Give the data below again exactly as it stands. Omit the pictures.

MATERIAL PROVIDED:
******

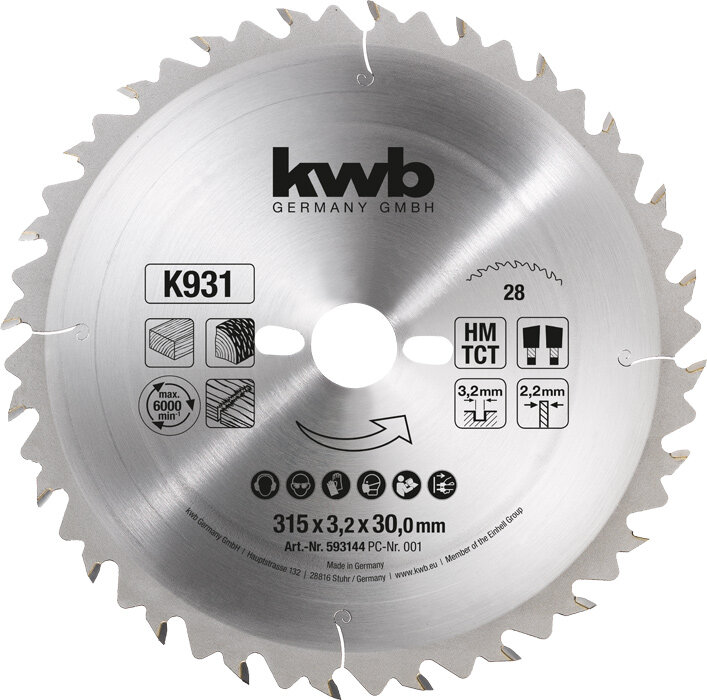 Das kwb Kreissägeblatt für Brennholz besteht ist hartmetallbestückt und verfügt über eine grobe Zahnung mit Zahnstellung Null. Der Grob-Zahn sorgt für einen schnellen, groben Schnitt. Das Blatt ist ideal für Vollholz, Tischlerplatten, Spanplatten, Hartfaserplatten und glasfaserverstärkte Kunststoffe geeignet.
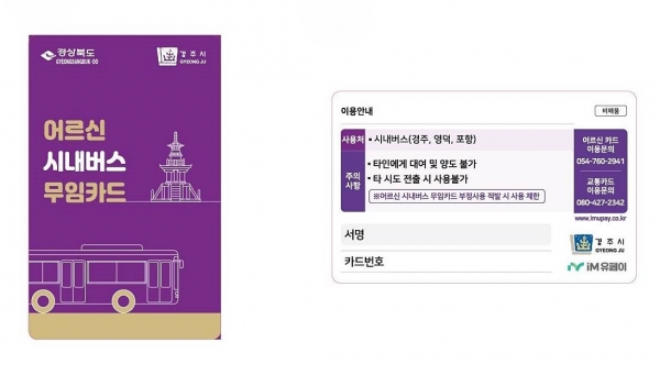 주낙영 경주시장은 “이번 시내버스 무료 이용 제도가 교통 접근성 향상은 물론 어르신들의 일상 이동 편의에 큰 도움이 될 것으로 기대한다”며 “발급과 이용 과정에서 불편함이 없도록 지속적인 점검과 지원을 아끼지 않겠다”고 말했다.
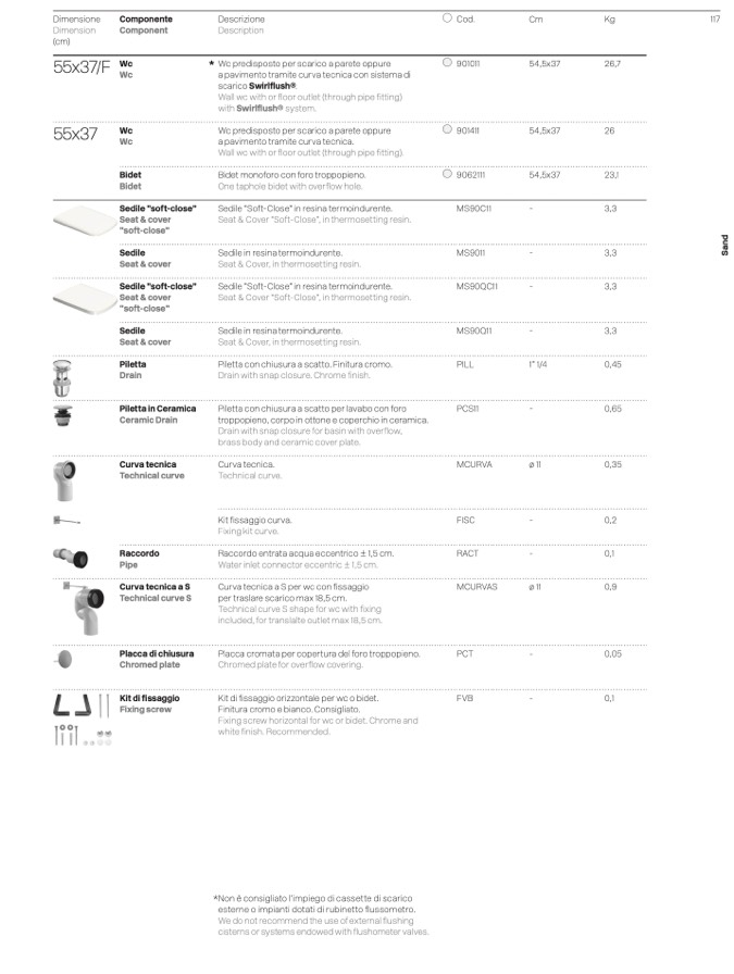 Wall wc with or floor outlet (through pipe fitting).

******

WRITTEN REPLY:
 Das kwb Kreissägeblatt für Brennholz besteht ist hartmetallbestückt und verfügt über eine grobe Zahnung mit Zahnstellung Null. Der Grob-Zahn sorgt für einen schnellen, groben Schnitt. Das Blatt ist ideal für Vollholz, Tischlerplatten, Spanplatten, Hartfaserplatten und glasfaserverstärkte Kunststoffe geeignet.
 주낙영 경주시장은 “이번 시내버스 무료 이용 제도가 교통 접근성 향상은 물론 어르신들의 일상 이동 편의에 큰 도움이 될 것으로 기대한다”며 “발급과 이용 과정에서 불편함이 없도록 지속적인 점검과 지원을 아끼지 않겠다”고 말했다.
 Wall wc with or floor outlet (through pipe fitting).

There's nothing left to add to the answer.